When Le Verrier died in 1877, he was still convinced that they have found volcano. With his death, the search went to the planet fiction back strong, as most astronomers whose existence after years of fruitless search is now doubted. The 123 -fold asteroid explorer Johann Palisa tried again at a Tahiti expedition in 1883.

Another former explanation for the anomalies of Mercury's orbit postulated a flattening of the sun, which was not demonstrated a sufficient degree.

Since Einstein in 1916 published his General Theory of Relativity and the perihelion of Mercury has almost completely explained by the effect of the sun on the surrounding spatial structure, the hypothesis of volcano is indeed superfluous, but some researchers postulate now in its place a thin asteroid belt from so-called Vulkanoiden. Possible preferred train areas of potential asteroids were calculated at 0.18 and 0.15 AU distance from the Sun.

For a brief resurgence of the volcanic hypothesis it came to 1970, when some researchers thought they had during the total solar eclipse observed in that year faint objects near the sun. The American astronomer Henry Courteen, a professor at Dowling College in Oakdale (USA), believed to have is substantial evidence for such a so-called intramerkuriellen planet found. According to his calculations, the volcano should rotate at a large semi-major axis of 14.4 million miles, the Sun in about 11 days time and have a diameter between 300 and 800 kilometers. Remarkably, this mean solar distance of 0.096 astronomical units left fit in very well with the Titius - Bode series when the factor -1 used for volcano ( 0.4 0.3 × -1 = 0.1 AE). In the observed objects it has possibly acted to faint comet, similar to the later, which could be observed close to the Sun and are plunged in some cases even in it.

Volcano transit

As a volcano is called the transit observed from Earth hypothetical Gone Pull volcano in front of the solar disk, which would occur very frequently at such a planet in the solar neighborhood.
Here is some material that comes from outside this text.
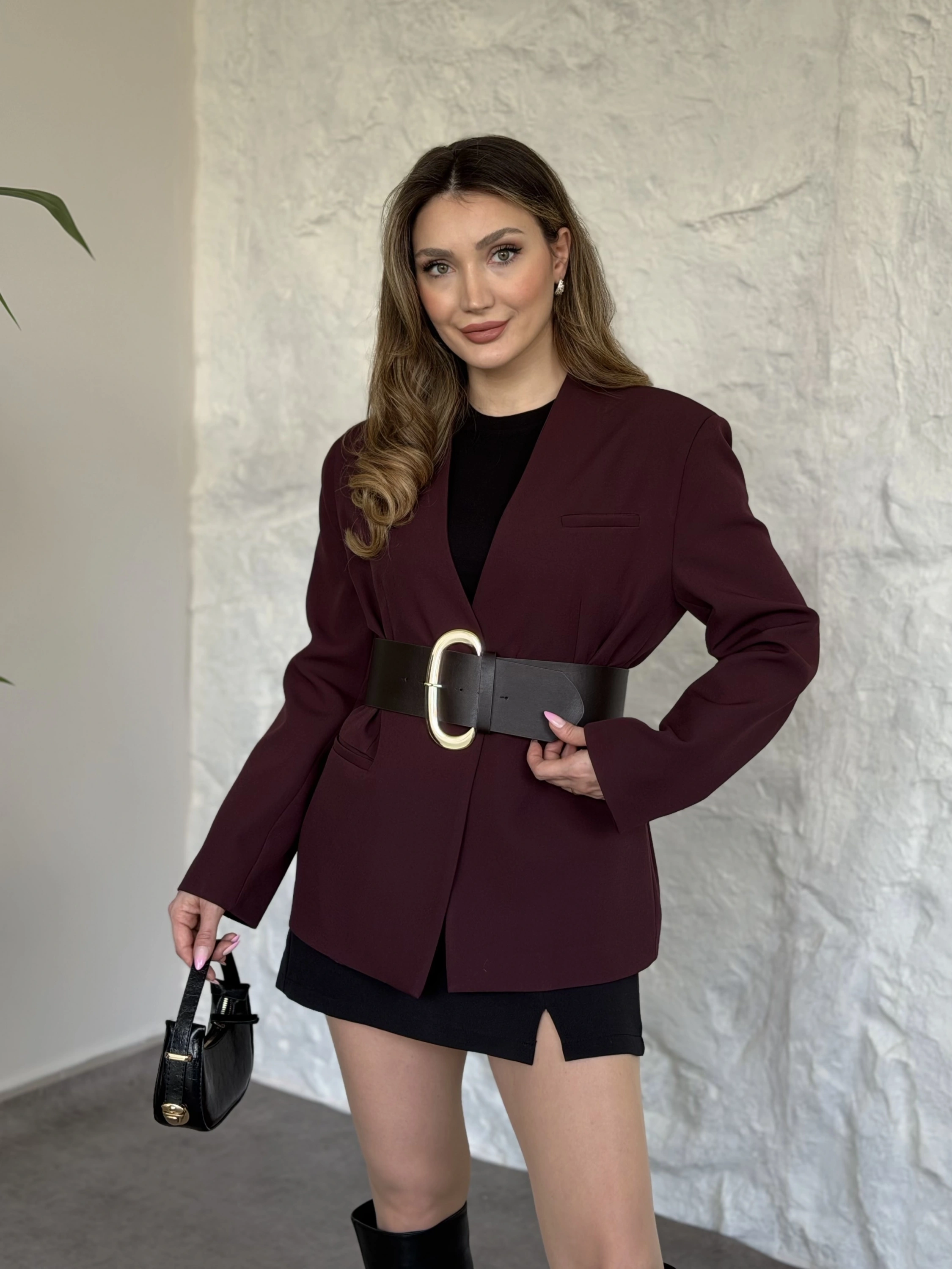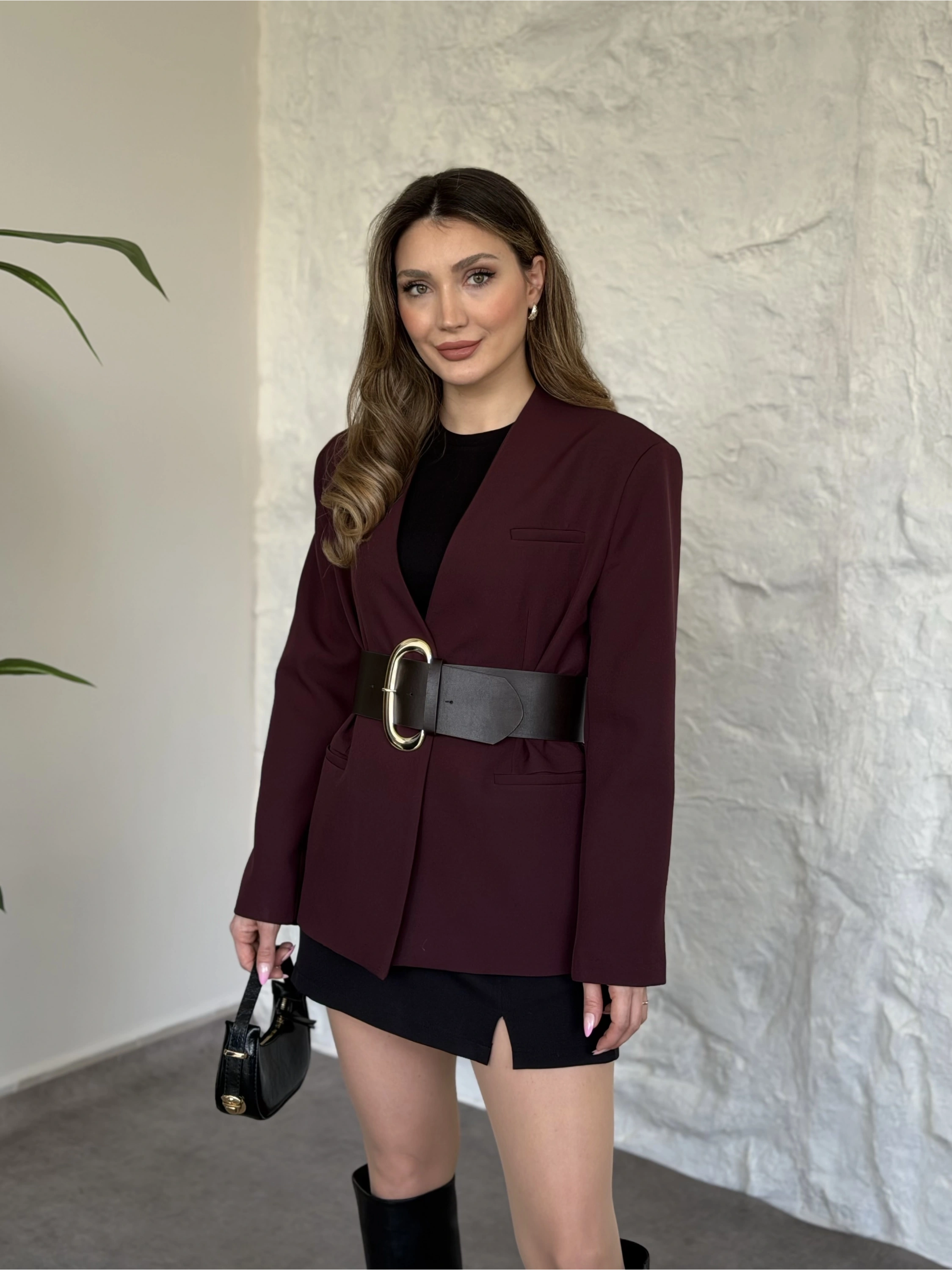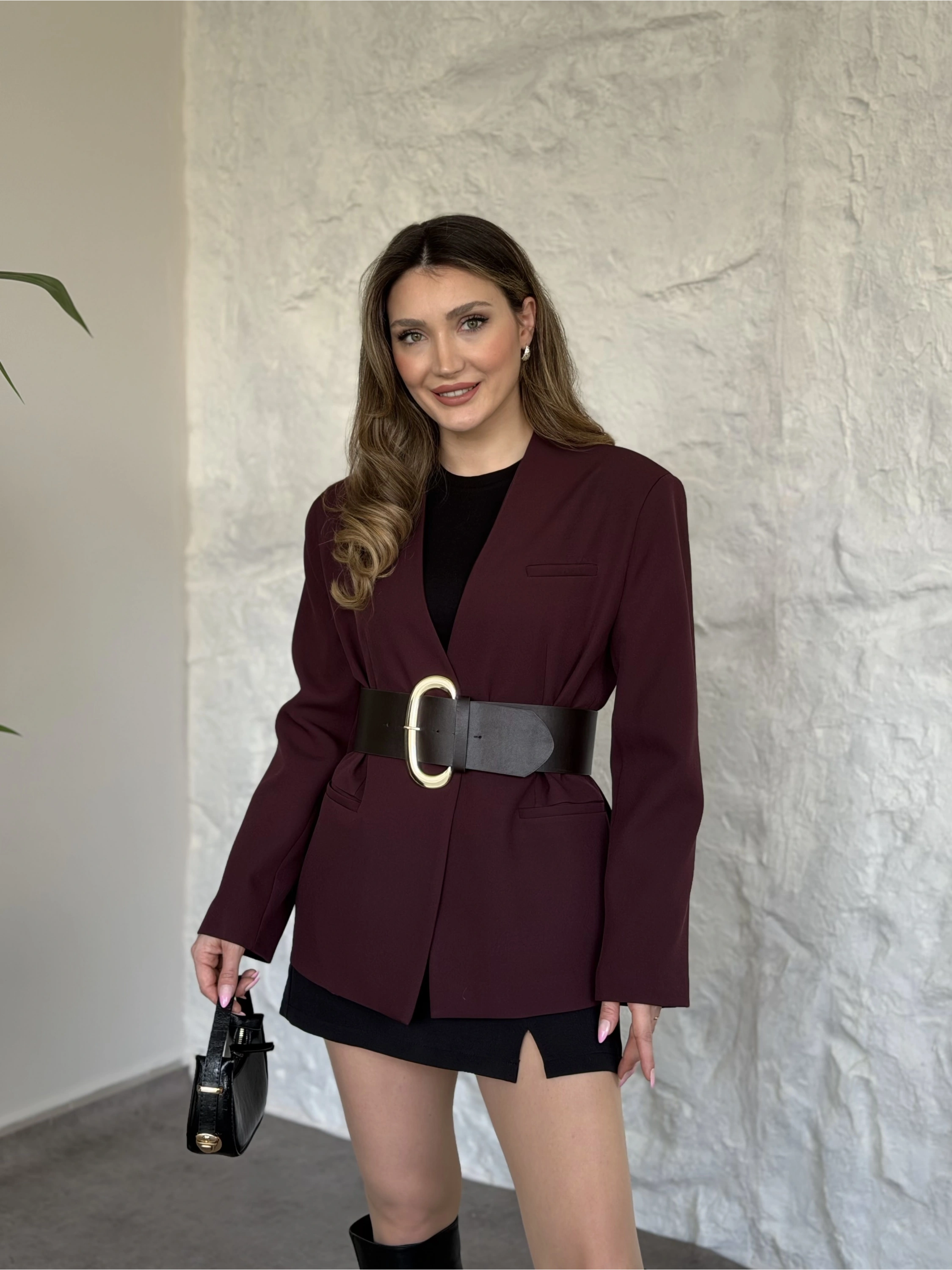 Düğmesiz geniş kemerli blazer ceket lacivert

Especially in the 18th and 19th centuries, there have been reports of such observations.

It was never clarified what looked pass the time before the sun disk, the observer. While it is likely to have acted in some cases to errors in optics, but at least one case from the 18th century known companies listed on the two observers at different places the parading of an unknown object from the sun.

This could well have been an asteroid. However, to date no asteroids transit from the sun has been registered. Sunspots can in any case be excluded, as they require over 10 days of one side of the sun to the other and in the 18th century were already known.

Volcano in the science fiction

The name Vulcan was also used by science fiction writers, some of which are fictional planet outside our solar system:

In the universe of the Star Trek movies and television series, there is a Planet Vulcan, but in a different solar system. It is located about 16 light-years away from Earth and orbits the star Keid. See also: Vulcan.

The Sten Chronicles by Allan Cole and Chris Bunch volcano is an artificial planet. Volcano was originally an industrial space station, which grew by adding new manufacturing facilities more and more, and thereby assumed planet-like proportions.

The volcanic theory inspired some authors (for example, Nikolai von Michalewsky ) to revive the Pythagorean idea of ​​a Counter-Earth, a planet in the same orbit around the Sun as the Earth, but it constantly opposes in conjunction.